— What you are asked to do —
What you should give back is a precise copy of the lines below from the one containing "6 lbs 5 oz." through the one containing "3. Hoạt động", with no pictures.

— Data for analysis —
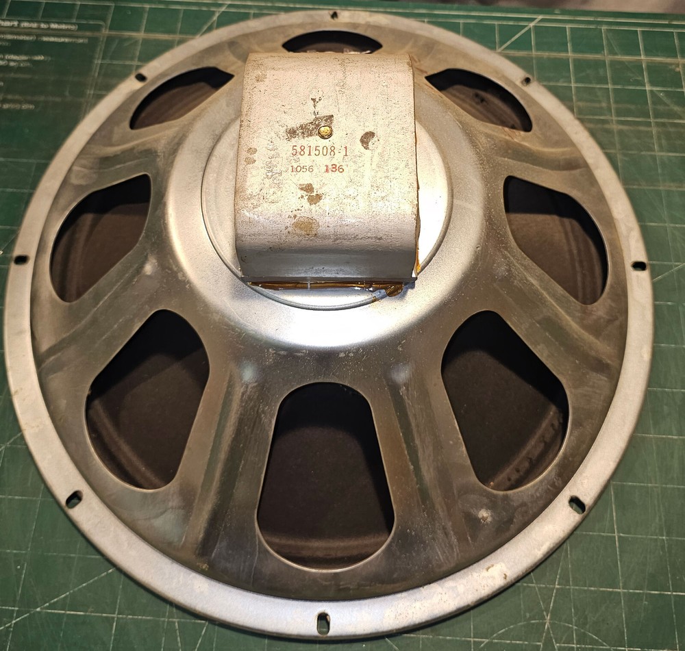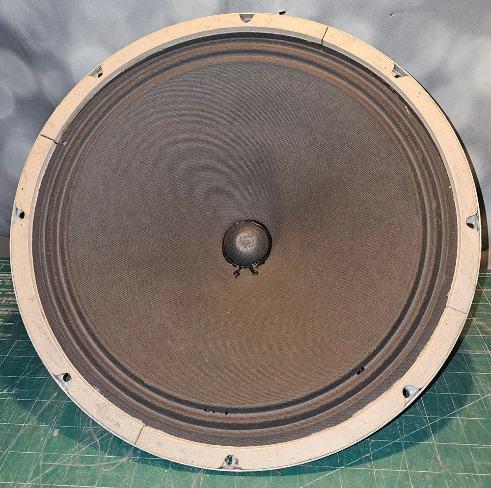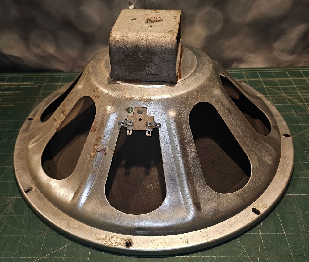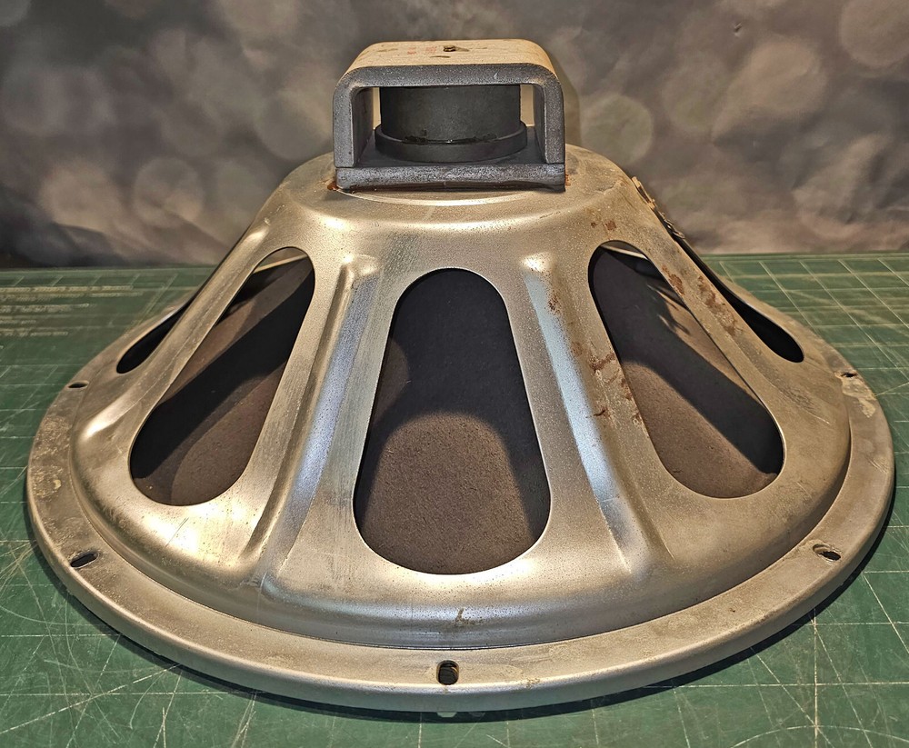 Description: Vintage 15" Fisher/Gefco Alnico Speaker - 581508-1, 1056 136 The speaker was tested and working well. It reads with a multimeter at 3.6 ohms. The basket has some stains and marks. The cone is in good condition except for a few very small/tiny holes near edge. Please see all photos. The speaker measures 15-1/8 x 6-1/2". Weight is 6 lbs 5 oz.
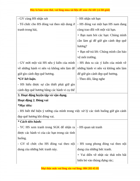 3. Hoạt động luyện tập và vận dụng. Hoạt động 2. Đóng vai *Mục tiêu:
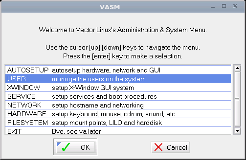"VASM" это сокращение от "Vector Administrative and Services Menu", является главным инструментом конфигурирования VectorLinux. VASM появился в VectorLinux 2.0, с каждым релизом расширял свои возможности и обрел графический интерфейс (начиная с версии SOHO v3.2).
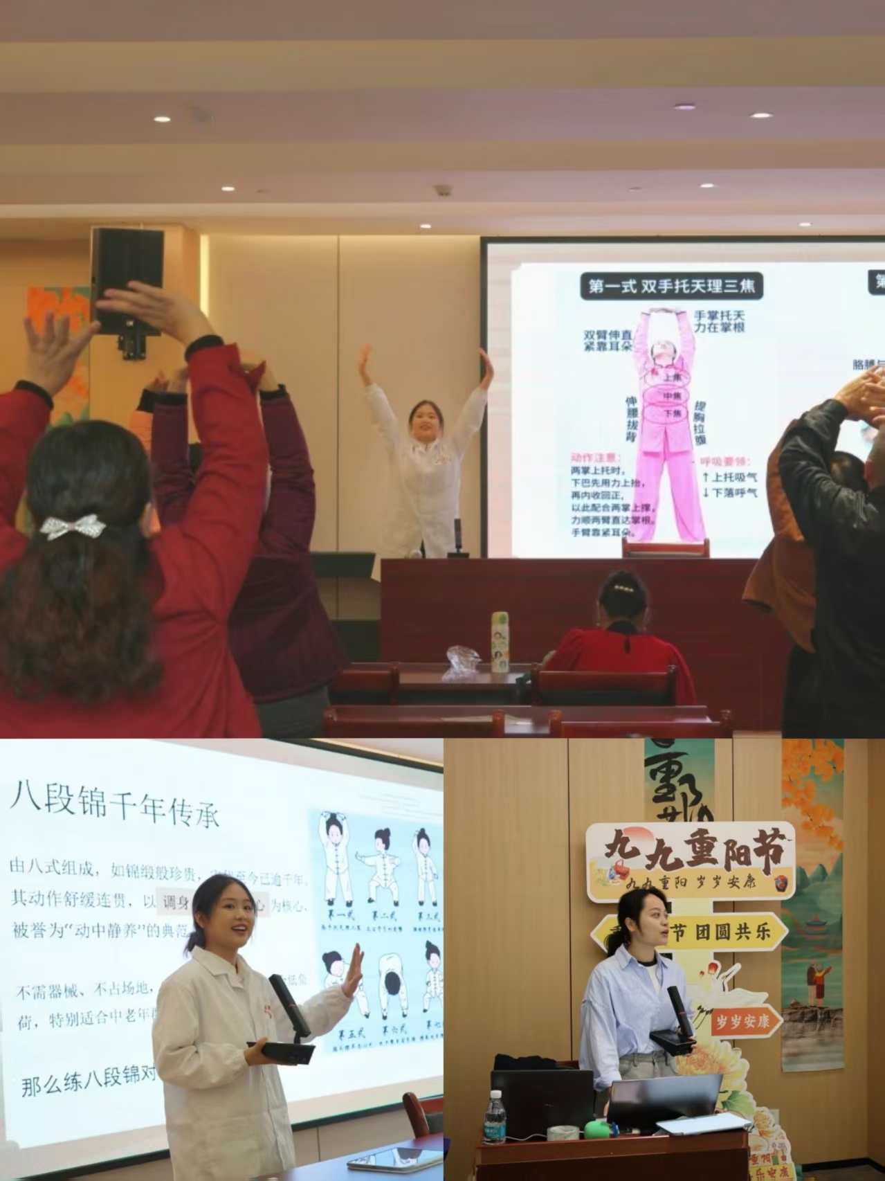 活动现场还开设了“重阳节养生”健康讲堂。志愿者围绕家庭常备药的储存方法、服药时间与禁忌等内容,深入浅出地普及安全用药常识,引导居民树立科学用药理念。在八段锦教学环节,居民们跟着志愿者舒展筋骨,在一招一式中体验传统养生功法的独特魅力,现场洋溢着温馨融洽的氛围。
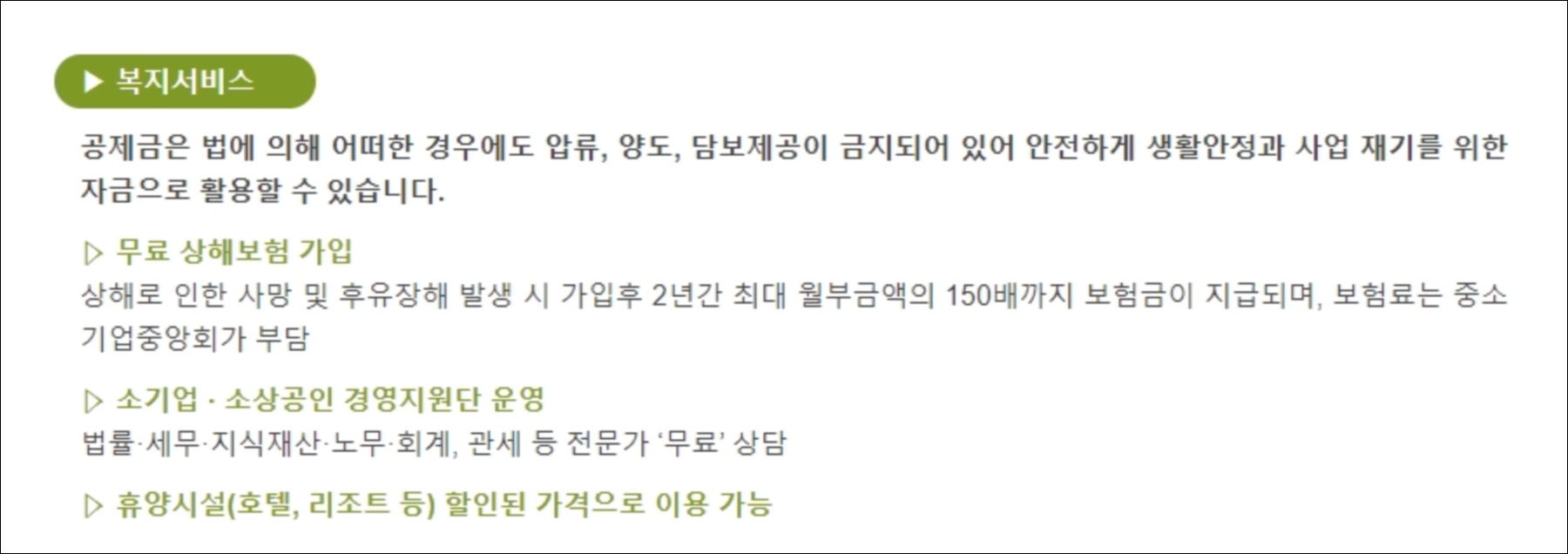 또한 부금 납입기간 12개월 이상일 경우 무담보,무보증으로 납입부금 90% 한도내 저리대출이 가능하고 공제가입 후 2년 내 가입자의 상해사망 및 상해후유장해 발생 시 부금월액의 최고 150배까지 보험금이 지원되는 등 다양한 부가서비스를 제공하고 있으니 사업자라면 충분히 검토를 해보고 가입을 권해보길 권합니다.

...

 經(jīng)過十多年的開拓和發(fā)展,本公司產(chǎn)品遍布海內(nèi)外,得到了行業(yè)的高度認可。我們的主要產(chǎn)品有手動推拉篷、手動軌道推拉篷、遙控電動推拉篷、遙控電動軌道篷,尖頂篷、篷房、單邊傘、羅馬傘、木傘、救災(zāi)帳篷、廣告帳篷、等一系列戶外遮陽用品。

* * *

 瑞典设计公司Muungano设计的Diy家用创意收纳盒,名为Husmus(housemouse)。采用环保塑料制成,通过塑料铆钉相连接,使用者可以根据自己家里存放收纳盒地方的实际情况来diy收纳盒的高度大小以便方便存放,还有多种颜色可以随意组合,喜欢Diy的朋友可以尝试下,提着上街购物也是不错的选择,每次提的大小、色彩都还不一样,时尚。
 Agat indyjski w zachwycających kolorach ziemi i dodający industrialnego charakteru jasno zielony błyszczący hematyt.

— Written solution —
 Description: Vintage 15" Fisher/Gefco Alnico Speaker - 581508-1, 1056 136 The speaker was tested and working well. It reads with a multimeter at 3.6 ohms. The basket has some stains and marks. The cone is in good condition except for a few very small/tiny holes near edge. Please see all photos. The speaker measures 15-1/8 x 6-1/2". Weight is 6 lbs 5 oz.
 3. Hoạt động luyện tập và vận dụng. Hoạt động 2. Đóng vai *Mục tiêu:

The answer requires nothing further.